Шрифт:
Интервал:
Закладка:
– Ну это положим, – криво усмехнулся Иквашин. Пьян, пьян, а соображал, – лучше наше обществоведение не трогать.
В этом месте Федор зевнул, теоретизирование ему не по душе, и он переменил тему.
– Тебе известен такой человек – Лапа?
– Это что, фамилия, кличка? – В последнее время, знакомясь с уголовными делами, я встречал множество разных фамилий и непривычных для моего уха кличек. И что-то вроде бы отдаленно знакомое прозвучало в странном имени. Но ни с каким конкретным лицом прозвище в памяти не связывалось.
– Не знаю, фамилия или прозвище.
– Раз спрашиваешь, тебе-то об этой Лапе известно.
– Да ничего определенного не знаю. Как на духу, можешь верить. – И тут же назвал еще одно странное имя и фамилию. Странное для меня, потому что об этом человеке, могу ручаться, я никогда не слышал. – А Серж Баранчиков тебе знаком? – продолжал допрашивать Иквашин.
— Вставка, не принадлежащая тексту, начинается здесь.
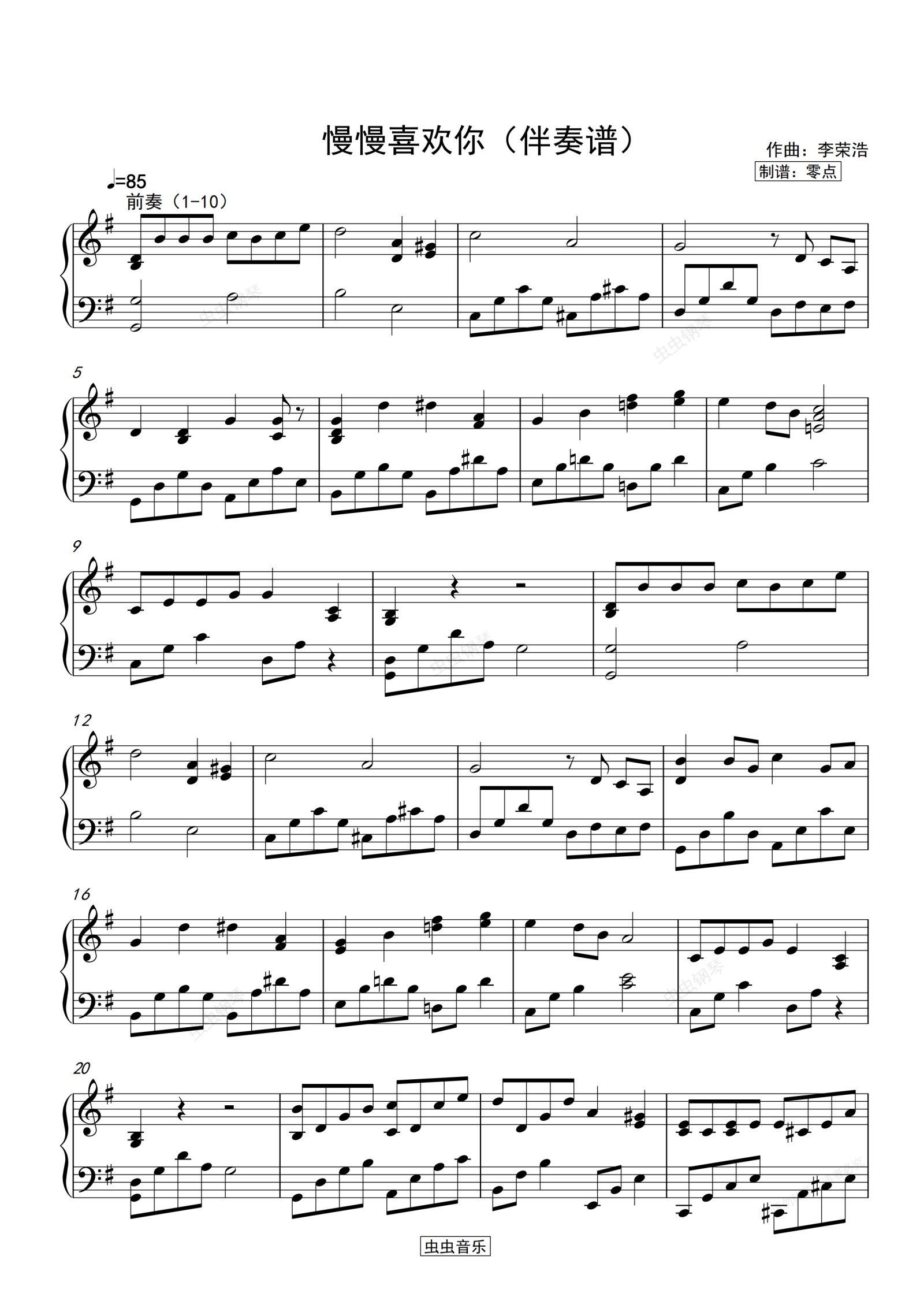 钢琴谱:慢慢喜欢你钢琴伴奏
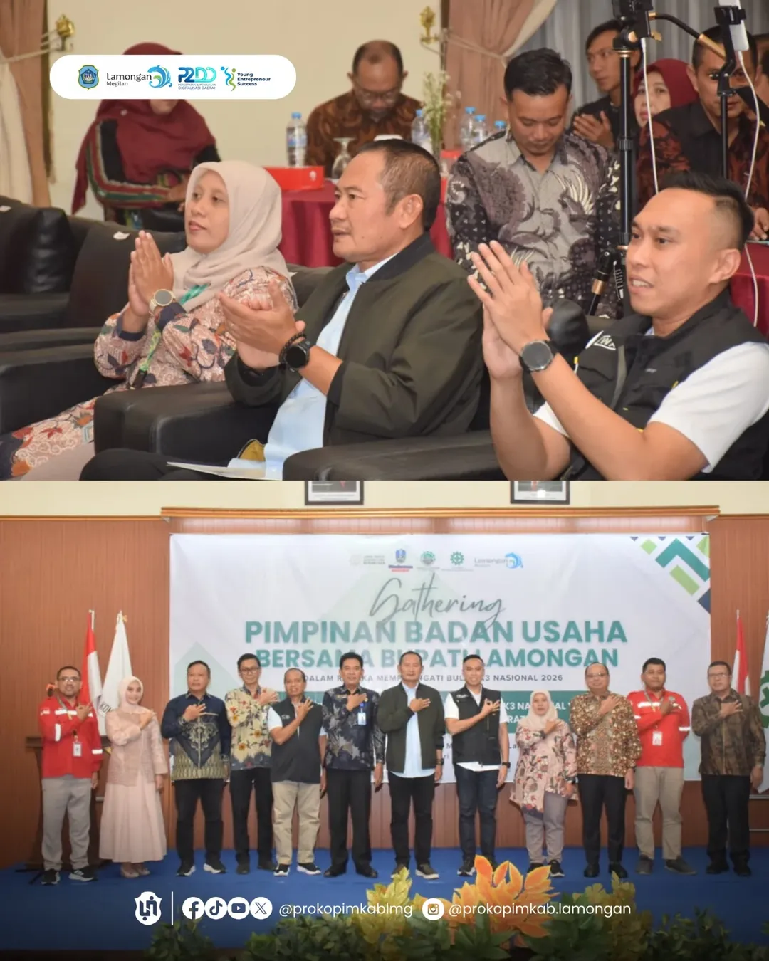 Bupati Lamongan, Yuhronur Efendi, menghadiri sekaligus menyerahkan penghargaan dalam kegiatan Gathering Pimpinan Badan Usaha dan Penyerahan Penghargaan K3 2026 yang digelar oleh Komunitas K3 Lamongan di Hotel Grand Mahkota, Kamis (12/2). Dalam kesempatan tersebut, Bupati YES menegaskan pentingnya membudayakan Keselamatan dan Kesehatan Kerja (K3) sebagai bagian yang terintegrasi dalam sistem dan perilaku kerja sehari-hari, bukan sekadar kewajiban administratif.
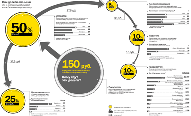 Розничная цена одной игры, по словам Ильи Венкова, примерно $5. Однако львиная доля лавров, точнее, денег достается компаниям, которые вообще никак не участвуют в разработке или размещении игр, но проводят SMS-платежи — сотовым операторам (см. схему на стр. 38-39).
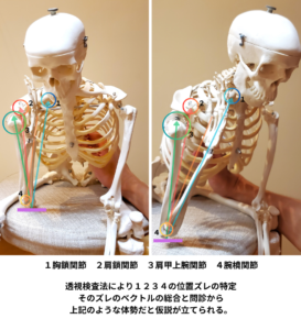 ②骨格リポジショニング法で、それぞれの関節の位置ズレを緻密に検査したその方向(ベクトル)
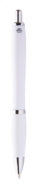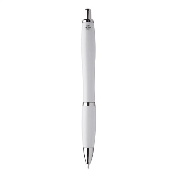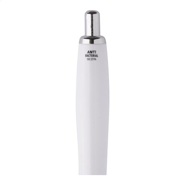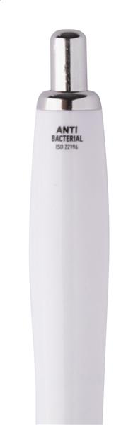 Plastikowy długopis z antybakteryjnym korpusem i chromowanymi elementami. Zawiera dodatek nanosrebra zapobiegający rozwojowi bakterii na powierzchni długopisu. Z mechanizmem przyciskowym i niebieskim wkładem. Produkt zgodny z ISO 22196: 2011.
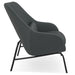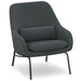 - Features lumbar pillow, deep comfortable cushioned seat, curved back and sides, black powder coated metal base and legs
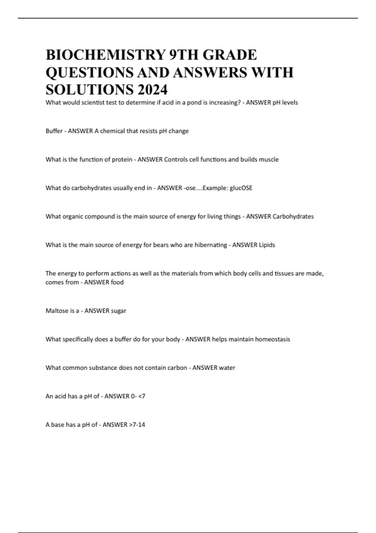 BIOCHEMISTRY 9TH GRADE QUESTIONS AND ANSWERS WITH SOLUTIONS 2024

– Серж Баранчиков? Первый раз слышу.
– Зря. Серж нужный человек. Закончишь роман, побегаешь по издательствам, получишь от ворот поворот – Баранчикову в ножки бухнешься.
– Он издатель?
– Кооперативном заворачивает. Кооператив многоотраслевой. В самое последнее время рекламой и книгоиздательством занялся. С какой-то иностранной фирмой контакт налаживают. Может, и наладили. Полезный человек. Познакомлю.
И вот во сне снова сажусь за роман. Материалу самого жгучего предостаточно. План книги сложился в подробностях. Садись и строчи.
Нетерпение – лучшее состояние для начала работы. Когда все в тебе кипит, когда весь в напряжении, тогда и могут прийти озарения, неожиданные ходы и мысли. Такое состояние некогда называлось вдохновением. Мы боимся высоких слов – творчество, вдохновение, заменяя их будничным словом – работа. И делаем это потому, что результаты не позволяют высоко заноситься.
Я уж говорил, с каким трудом мне дается начало. Начинаю и бросаю, начинаю и бросаю. На это раз даже не вынашивал первой фразы, не обкатывал ее в уме, не выложил от руки на бумагу, чтобы полюбоваться и выверить. Вставил в «Колибри» чистый лист и начал с той простотой, какая раньше показалась бы плоской, даже примитивной, хотя знал, что так начиналось не одно примечательное произведение.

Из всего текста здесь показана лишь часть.